When picking out lard to smear on the your new DUTCH Oven? Do you want to get a pricey one? Or the best tasting one?


I was thinking if they have it to buy bacon lard, and use bacon lard to season my dutch oven with.


Any tips or 2 cent's would be helpful.
 
justplainbill said:
It oxidizes (& turns into carbon) more quickly?

I'll take your word on it for now...

justplainbill said:
It's what was used when Cast Iron was in its heyday?

Along with whale blubber, bear, buffalo and bacon fat, .. as well as a little 'possum grease...Not many Kroger stores selling Crisco along the Oregon trail...:LOL:
 
I'll take your word on it for now...



Along with whale blubber, bear, buffalo and bacon fat, .. as well as a little 'possum grease...Not many Kroger stores selling Crisco along the Oregon trail...:LOL:

Don't think they even had Spry. I've seen a photo of one of your frying pans, UB. Looked nicely seasoned but suspiciously shiny.:smartass:
 
my mom had a small ci frying pan maybe 4" in diam. that she would fry over easy eggs in without any fat/oil. they would slide right out. the surface of that pan looked like black polished glass from years of care.
 
Don't think using a salty fat is especially desirable. We use peanut oil.

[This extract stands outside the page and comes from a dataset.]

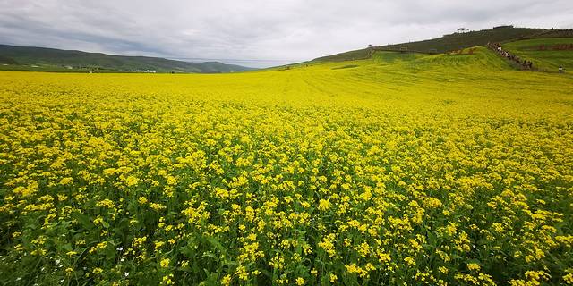 虽然罗平的油菜花我没有实地考察过,但是从图片中我知道,它很有层次,很有内容,很有观感;但是门源的油菜花猛一看,平铺直叙的一大片一大片,好似无灵性和美感,更没有阶梯层次可言,可是它却是最经看最耐看,越看越好看的那种,它具有铺天盖地的恢弘霸气。

Certainly do not use bacon fat

May I suggest Mutton or Lamb fat trimmings, reduce the trimmings yourself and season your pan with this, continually wipe the fat around the pan over heat until you are satisfied it is sealed. If you are going to use a bought oil or lard they all have some additive in them, be it good or bad.
 
Thanks guys and gals, I think I'm just going to buy a seasoned one.
you still have to season after each use. preseasoned just means they did the first seasoning and baking on for you. you still have to maintain it. after awhile it will be very slick. my mom's tiny CI egg frying pan looked like polished black glass after years of seasoning. she cooked eggs with little or no oil/fat and they slide right out of the pan.
 
you still have to season after each use. preseasoned just means they did the first seasoning and baking on for you. you still have to maintain it. after awhile it will be very slick. my mom's tiny CI egg frying pan looked like polished black glass after years of seasoning. she cooked eggs with little or no oil/fat and they slide right out of the pan.
Thank you for the info MsM.


I will make sure I season it every use, Does this go for the cast iron pan I have too?
 
Thank you for the info MsM.


I will make sure I season it every use, Does this go for the cast iron pan I have too?
you're welcome and season ALL CI.

i have tiny CI butter warmers that i use for ash trays those i don't season LOL but i don't get them wet and just scrap if need be.
 
years ago I got the family Griswolds (3 of them!) but I wanted a DO so I bought a Wagner chicken fryer and a Lodge DO. Both were before preseasoning was thought of. Both said the best way to season your pan was to cook bacon in it every day for a month. Well being impatient I used lard. Worked just fine.

To this day, folks who have Griswolds know how smooth they are compared to any other cast iron out there. And I know that my greatgrandmother didn't use peaniut oil. She used beef or pork fat. (not that peanut oil is bad.)